Boundary rigidity of 3D CAT(0) cube complexes

TL;DR

This paper proves that the combinatorial structure of certain finite 3D CAT(0) cube complexes can be uniquely reconstructed from boundary distance data, extending previous 2D results in discrete geometry.

Contribution

It generalizes boundary rigidity results from 2D to 3D CAT(0) cube complexes with embeddings in D, establishing conditions for unique reconstruction from boundary distances.

Findings

Reconstruction of 3D CAT(0) cube complexes from boundary data is possible.

Extension of 2D boundary rigidity results to 3D complexes.

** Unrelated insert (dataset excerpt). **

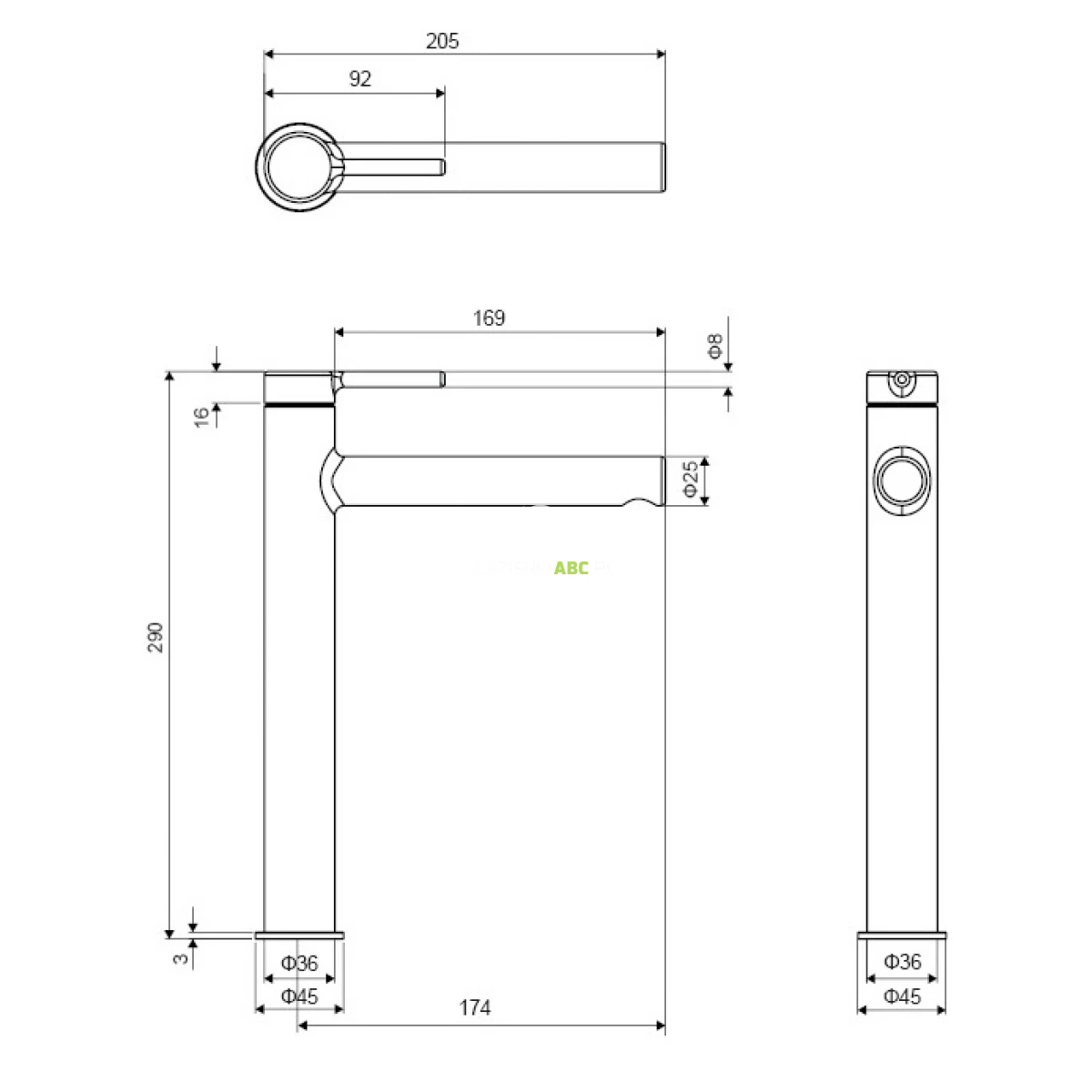 Korpus baterii umywalkowej wysokiej Pi wykonany jest z jednolitego mosiężnego odlewu, dzięki temu bateria nie posiada żadnych linii łączenia. Technologicznie jest to dużo trudniejsze do uzyskania od łączonych niezależnych dwóch elementów, jednak niesie dużą funkcjonalność: bateria jest bardziej szczelna oraz wizualnie spoista. Uroku dodaje niski uchwyt, który skrywa głowicę Kerox w postaci „joysticka”. Zastosowany perlator Neoperl Slim jest prawie niewidoczny dzięki ukryciu go we wnętrzu wylewki.
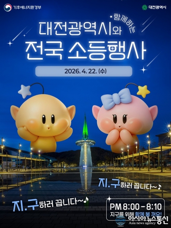 대전시 소등행사 안내 포스터./사진제공=대전시 [아시아뉴스통신=박희석 기자] 대전시는 제56주년 지구의 날을 맞아 20일부터 25일까지 ‘탄소중립 실천으로 세상을 잇다, 지구는 녹색대전환 중’을 슬로건으로 기후변화주간을 운영하고 22일 저녁에는 소등행사를 실시한다. 이번 기후변화주간은 기후위기.. 2026-04-20

Boundary distances determine the combinatorial type under specified conditions.

Abstract

The boundary rigidity problem is a classical question from Riemannian geometry: if $(M, g)$ is a Riemannian manifold with smooth boundary, is the geometry of $M$ determined up to isometry by the metric $d_g$ induced on the boundary $\partial M$? In this paper, we consider a discrete version of this problem: can we determine the combinatorial type of a finite cube complex from its boundary distances? As in the continuous case, reconstruction is not possible in general, but one expects a positive answer under suitable contractibility and non-positive curvature conditions. Indeed, in two dimensions Haslegrave gave a positive answer to this question when the complex is a finite quadrangulation of the disc with no internal vertices of degree less than $4$. We prove a $3$-dimensional generalisation of this result: the combinatorial type of a finite CAT(0) cube complex with an embedding in $\mathbb{R}^3$ can be reconstructed from its boundary distances. Additionally, we prove a direct strengthening of Haslegrave's result: the combinatorial type of any finite 2-dimensional CAT(0) cube complex can be reconstructed from its boundary distances.